## WHAT YOU WILL DO
From the very first line of the data to the line containing "In the Auburndale", retype everything exactly, leaving the pictures behind.

## RECORDS SHOWN

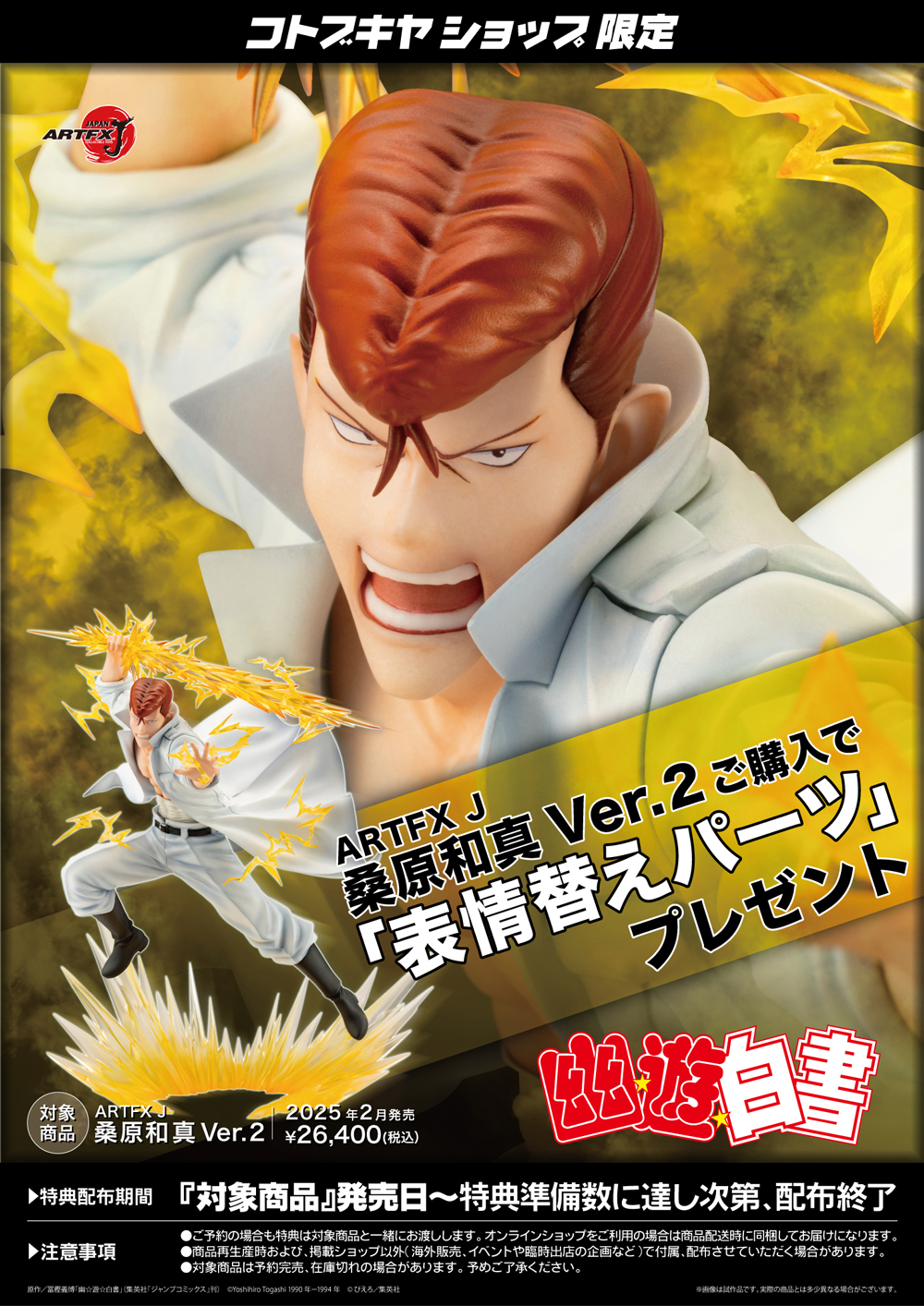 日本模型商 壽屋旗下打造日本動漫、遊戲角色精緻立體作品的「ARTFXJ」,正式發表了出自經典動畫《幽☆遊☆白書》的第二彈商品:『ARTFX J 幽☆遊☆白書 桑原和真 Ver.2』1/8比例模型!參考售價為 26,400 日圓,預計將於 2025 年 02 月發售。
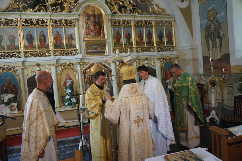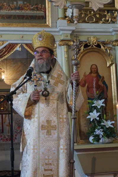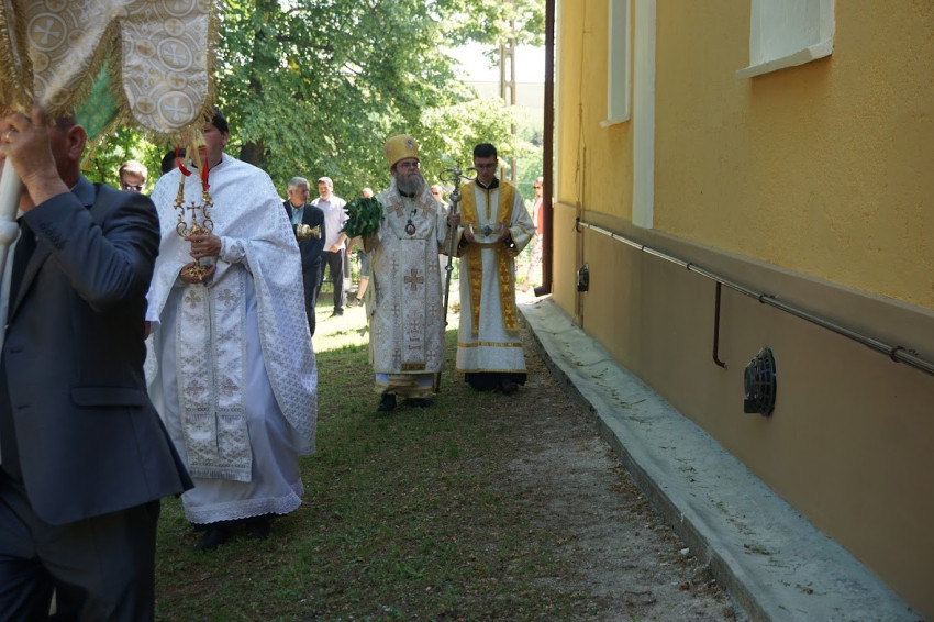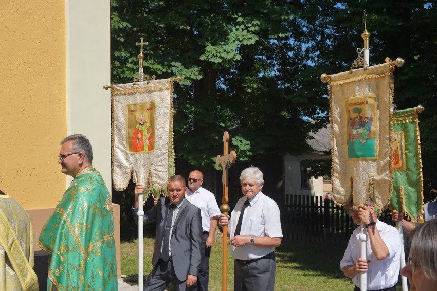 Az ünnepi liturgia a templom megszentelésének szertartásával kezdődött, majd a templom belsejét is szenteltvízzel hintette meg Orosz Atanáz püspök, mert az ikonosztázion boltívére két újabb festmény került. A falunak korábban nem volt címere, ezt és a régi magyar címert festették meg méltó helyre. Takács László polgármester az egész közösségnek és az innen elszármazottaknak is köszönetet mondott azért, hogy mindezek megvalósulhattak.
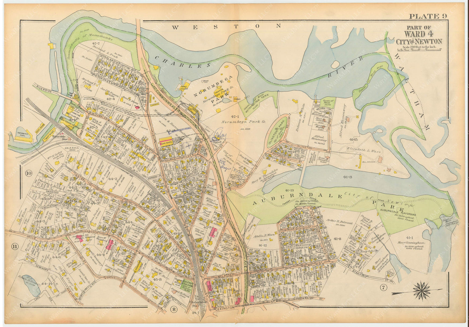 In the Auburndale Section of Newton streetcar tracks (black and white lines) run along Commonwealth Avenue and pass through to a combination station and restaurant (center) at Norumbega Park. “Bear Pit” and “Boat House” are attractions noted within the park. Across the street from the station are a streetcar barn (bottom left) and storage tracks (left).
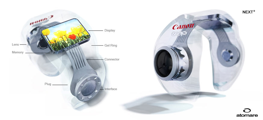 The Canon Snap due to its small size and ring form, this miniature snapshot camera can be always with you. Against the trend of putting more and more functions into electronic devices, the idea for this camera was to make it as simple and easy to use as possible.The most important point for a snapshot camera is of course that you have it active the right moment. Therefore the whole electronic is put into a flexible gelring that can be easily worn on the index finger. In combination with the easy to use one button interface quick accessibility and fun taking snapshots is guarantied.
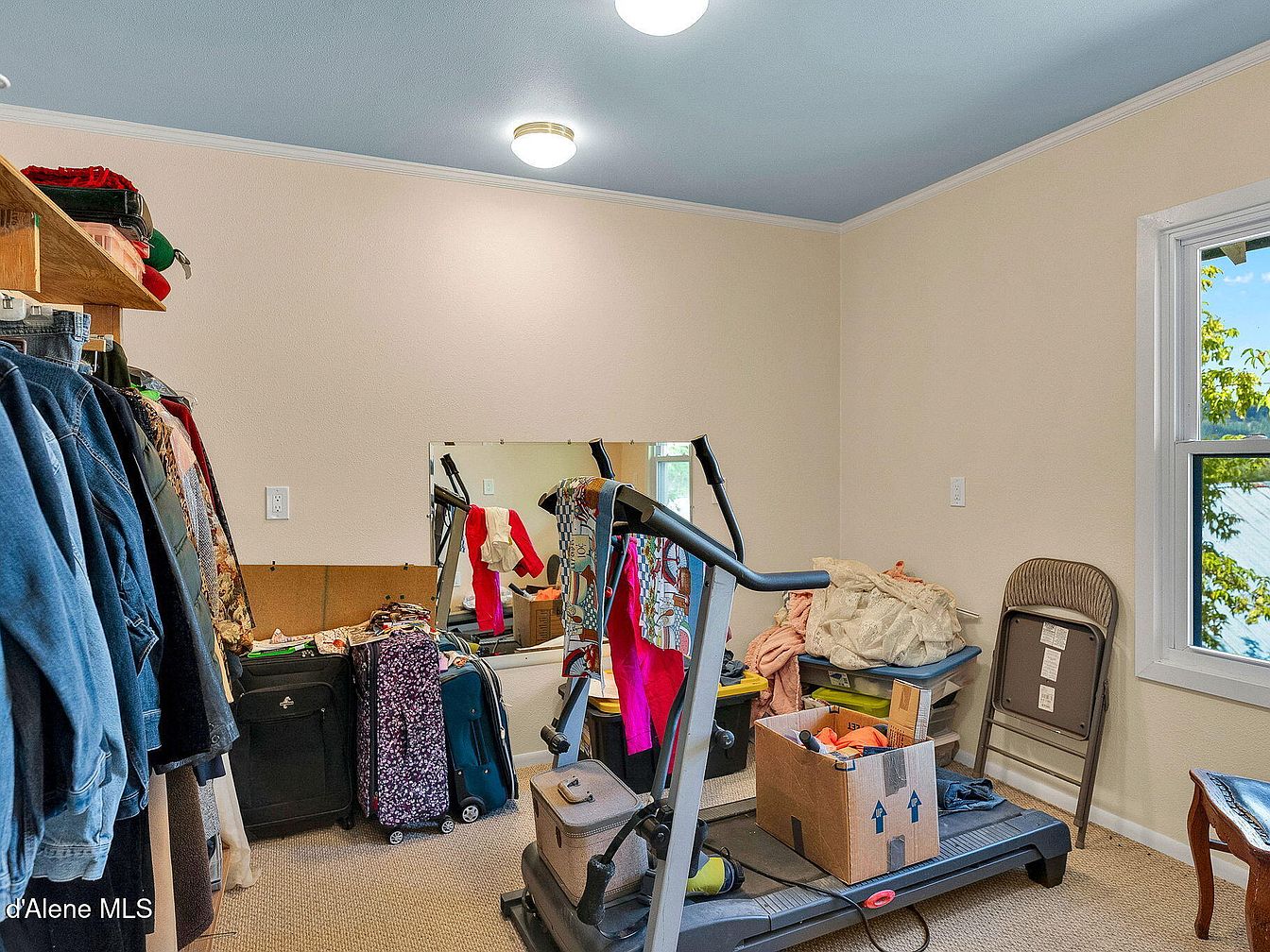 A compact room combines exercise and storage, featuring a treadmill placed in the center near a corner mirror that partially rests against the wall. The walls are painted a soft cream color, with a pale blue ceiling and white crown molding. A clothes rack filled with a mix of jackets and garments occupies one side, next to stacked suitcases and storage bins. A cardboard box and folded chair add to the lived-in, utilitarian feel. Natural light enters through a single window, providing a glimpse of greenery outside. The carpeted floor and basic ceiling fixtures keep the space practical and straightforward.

## PROBLEM SOLUTION
 日本模型商 壽屋旗下打造日本動漫、遊戲角色精緻立體作品的「ARTFXJ」,正式發表了出自經典動畫《幽☆遊☆白書》的第二彈商品:『ARTFX J 幽☆遊☆白書 桑原和真 Ver.2』1/8比例模型!參考售價為 26,400 日圓,預計將於 2025 年 02 月發售。
 Az ünnepi liturgia a templom megszentelésének szertartásával kezdődött, majd a templom belsejét is szenteltvízzel hintette meg Orosz Atanáz püspök, mert az ikonosztázion boltívére két újabb festmény került. A falunak korábban nem volt címere, ezt és a régi magyar címert festették meg méltó helyre. Takács László polgármester az egész közösségnek és az innen elszármazottaknak is köszönetet mondott azért, hogy mindezek megvalósulhattak.
 In the Auburndale Section of Newton streetcar tracks (black and white lines) run along Commonwealth Avenue and pass through to a combination station and restaurant (center) at Norumbega Park. “Bear Pit” and “Boat House” are attractions noted within the park. Across the street from the station are a streetcar barn (bottom left) and storage tracks (left).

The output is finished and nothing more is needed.